2022 CF-18 demo had a birdstrike while performing in Michigan this week.

RCAF CF-18 Demo Pilot Saves Aircraft After Real-Life 'Top Gun' Incident at Airshow


----------



## Dana381

Hats off to the pilot for hanling it well.


----------



## Quirky

Dana381 said:


> Hats off to the pilot for hanling it well.


Agreed. Top gun pilots just lose control and eject, apparently.


----------



## SeaKingTacco

Quirky said:


> Agreed. Top gun pilots just lose control and eject, apparently.


It is Top Gun Canon that USN jets lose control and must be ejected from, if they lose one of two engines. There is apparently no NATOPs procedure to save the fighter…


----------



## MTShaw

SeaKingTacco said:


> It is Top Gun Canon that USN jets lose control and must be ejected from, if they lose one of two engine. There is apparently no NATOPs procedure to save the fighter…


And the canon efficacy that cannons work in dogfight that actually occurr.


----------



## SeaKingTacco

MTShaw said:


> And the canon efficacy that cannons work in dogfight that actually occurr.


There is no kill like a guns kill, apparently…

In Top Gun land, BVR missiles do not exist…


----------



## OldSolduer

Well done to the pilot. 👍🏻👍🏻


----------



## RaceAddict

armrdsoul77 said:


> 2022 CF-18 demo had a birdstrike while performing in Michigan this week.
> 
> RCAF CF-18 Demo Pilot Saves Aircraft After Real-Life 'Top Gun' Incident at AirshowView attachment 71320



"Mav's in trouble. He’s in a flat spin, he’s heading out to sea."

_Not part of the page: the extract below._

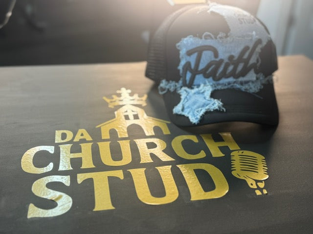 Tested, torn, but never broken. The Faith trucker is raw, with denim patchwork detailing across the crown and bold black script. Built for those who carry scars but still stand firm.

Seriously though, the demo bird looks _really_ good this year. Kudos to the team that designed and painted it.


----------



## Dana381

SeaKingTacco said:


> There is no kill like a guns kill, apparently…
> 
> In Top Gun land, BVR missiles do not exist…

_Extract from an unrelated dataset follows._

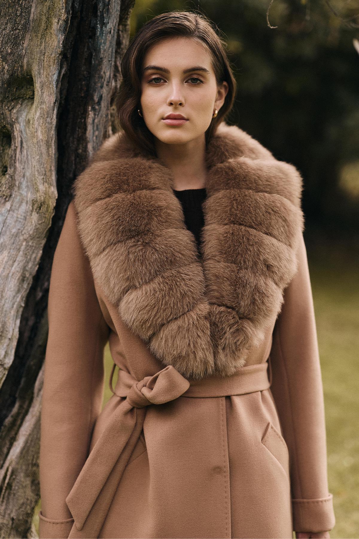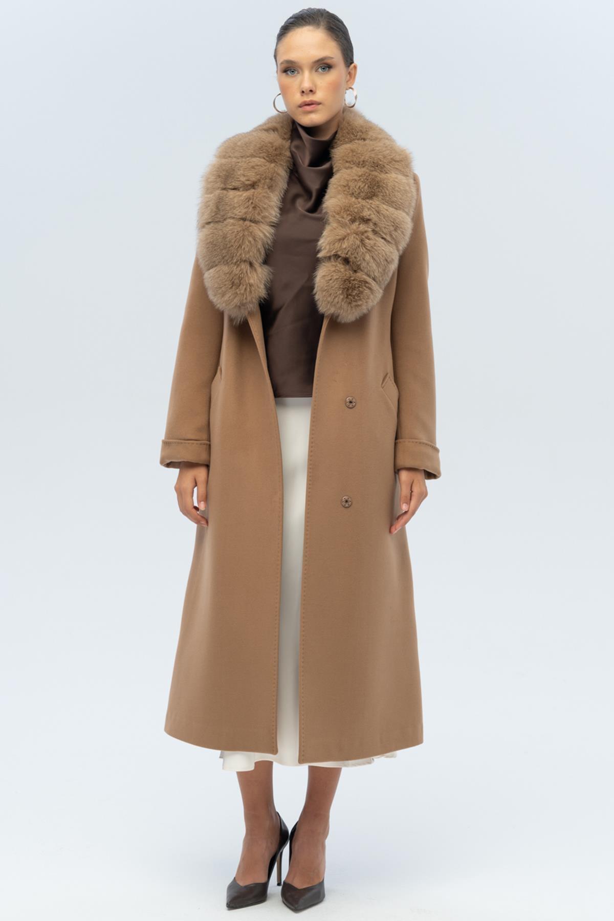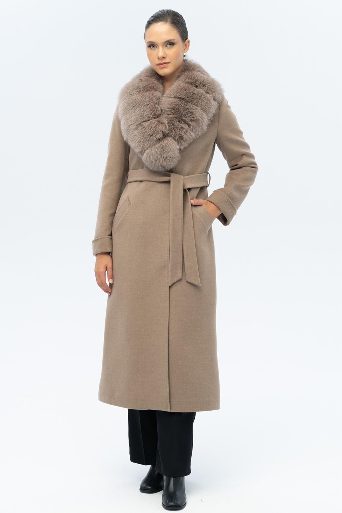 Çıkabilir Kürklü Belden Bağlamalı Uzun Kaşmir Kaban KAMEL 3133-TK Çıkabilir Kürklü Belden Bağlamalı Uzun Kaşmir Kaban KAMEL 3133-TK 44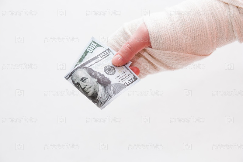 Женская рука в повязке держит 100 долларов

Who wants to watch a missile fire and disappear, only to watch a blip on radar disappear also? BVR missiles are awesome but boring in a movie.


----------



## armrdsoul77




----------



## daftandbarmy

armrdsoul77 said:


> 2022 CF-18 demo had a birdstrike while performing in Michigan this week.
> 
> RCAF CF-18 Demo Pilot Saves Aircraft After Real-Life 'Top Gun' Incident at AirshowView attachment 71320



Wait a minute... we actually have a Canadian Forces CF-18 Demonstration Team, and it's not called the 'Snowbirds'?


----------



## dimsum

daftandbarmy said:


> Wait a minute... we actually have a Canadian Forces CF-18 Demonstration Team, and it's not called the 'Snowbirds'?


If by "team" you mean one jet, then yes.

But I guess if you're talking about personnel, then yes it's a team.


----------



## OldSolduer

dimsum said:


> If by "team" you mean one jet, then yes.
> 
> But I guess if you're talking about personnel, then yes it's a team.


So which 2* gets to be Team Captain?


----------



## Kirkhill

> a formation of MALDs presenting the returns of F-15E Strike Eagles closing in on a potential target, as one example, could draw a great deal of focus while stealthy F-35s flying at higher altitudes deploy munitions at the same target.











						ADM-160 MALD: America's secret weapon to engage air defenses isn't a weapon at all
					

America's ADM-160 MALD, or Miniature Air-Launched Decoy, may not be a missile or bomb, but it can have a huge effect on the battlefield.




					www.sandboxx.us
				







What happens if your fighter fleet is all stealthy?   How effective are decoys?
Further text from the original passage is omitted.